Banking Industry

Today’s Fresh Outrage

Posted by Paul Vigna on April 09, 2010
Banks, Corporate Governance, Economy, Financials, Markets / 2 Comments

If you want to understand why the current efforts at financial reform fall far, far short of what’s needed, go buy the Journal today and read the lead story on page C1, “Big Banks Move to Mask Risk Levels.”

The financial industry will do absolutely anything, to turn a profit, no matter how risky, how dangerous, how amoral. The culture on Wall Street is so obsessed with profits, and short-term profits to boot, they will never learn a lesson, they will never change a habit if it involves shaving even a basis point off their profit margins. They will use every trick and gimmick at their disposal, well past the spirit and right up to the very letter of the law, and no oversight council or consumer protection agency is going to be able to keep up with them.

Kate Kelly writes in the Journal:

Major banks have masked their risk levels in the past five quarters by temporarily lowering their debt just before reporting it to the public, according to data from the Federal Reserve Bank of New York.

A group of 18 banks—which includes Goldman Sachs Group Inc., Morgan Stanley, J.P. Morgan Chase & Co., Bank of America Corp. and Citigroup Inc.—understated the debt levels used to fund securities trades by lowering them an average of 42% at the end of each of the past five quarterly periods, the data show. The banks, which publicly release debt data each quarter, then boosted the debt levels in the middle of successive quarters.

In any real sense, this is cheating. They are using accounting and balance sheet tricks to hide their debt levels when they report them, knowing full well that excessive leverage led directly to the financial meltdown of 2008. Somehow, though, through sieve-like accounting rules, this is allowed.

And this is what they’ve been doing after their near-death experience. This is essentially, the same kind of thing Lehman Brothers did, the infamous Repo 105, that precipitated that firm’s demise. To be sure, Lehman took it a step further, parking the assets in off-balance sheet vehicles and pretending their didn’t exist. But the effect is the same: to make highly leveraged companies look less highly leveraged.
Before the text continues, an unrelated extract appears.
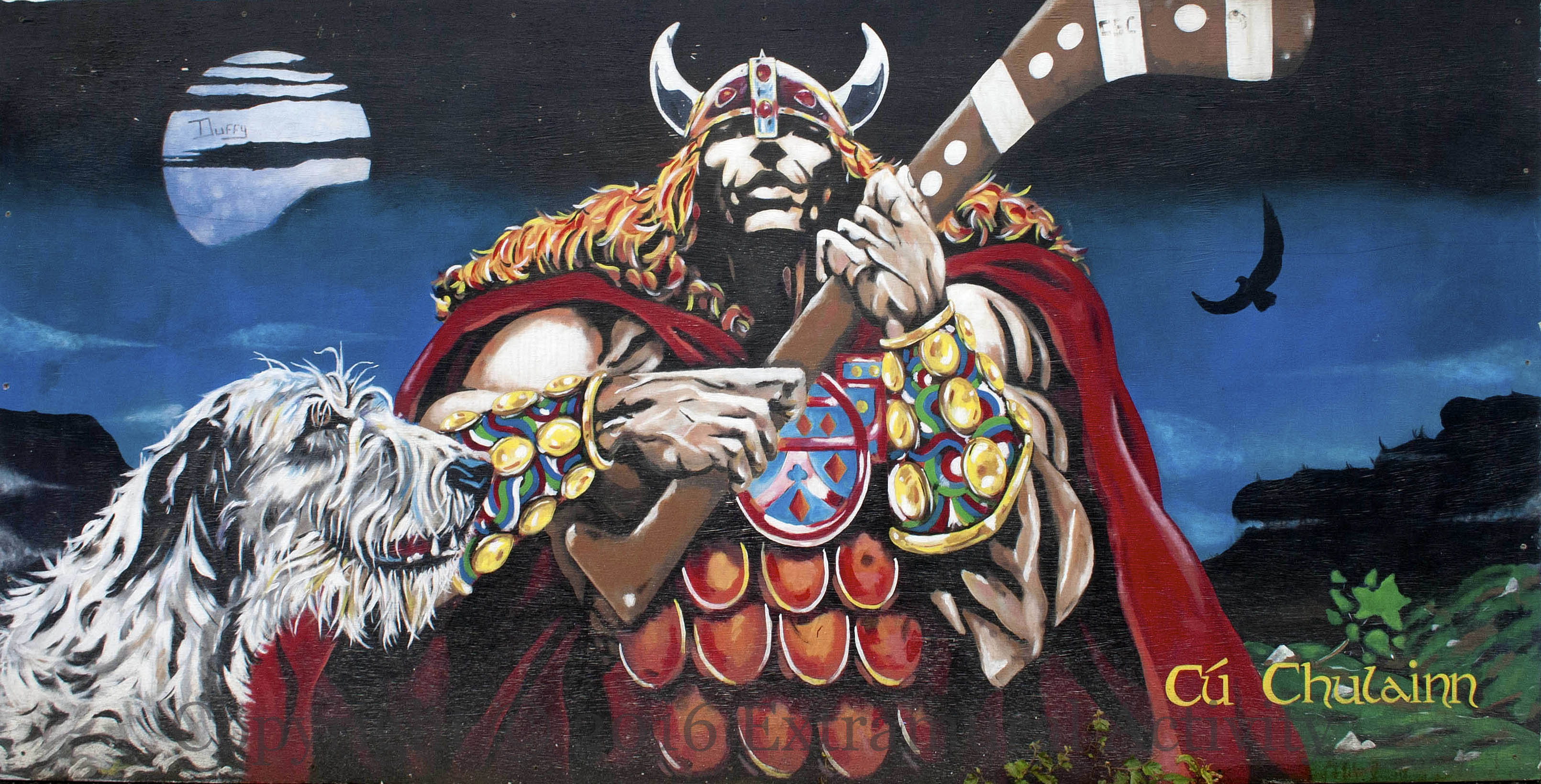 “Cú Chulaınn” is Irish for “Culann’s Hound” after the boy Setanta killed the smith’s hound and promised to take its place until another one was raised. In one version of the legend, Setanta kills the original hound by driving a slıotar (hurley ball) down its throat – hence the hero is shown here holding a camán (hurley stick) rather than a sword. In the original picture on which this mural is based, the hero is not Cú Chulaınn but Jim Fitzpatrick’s vision of Nuada Silverarm and he carries a sword.

This kind of thing illustrates why the Dodd bill’s focus is all wrong: what the nation needs — not the financial industry, but the nation — isn’t an oversight council trying to catch these little devils (to be polite,) what the nation needs are hard and firm rules for the financial industry. And the rules should run past whatever line the bankers want to draw, because it’s obvious they will run right up to, and perhaps even through, whatever line eventually does gets drawn.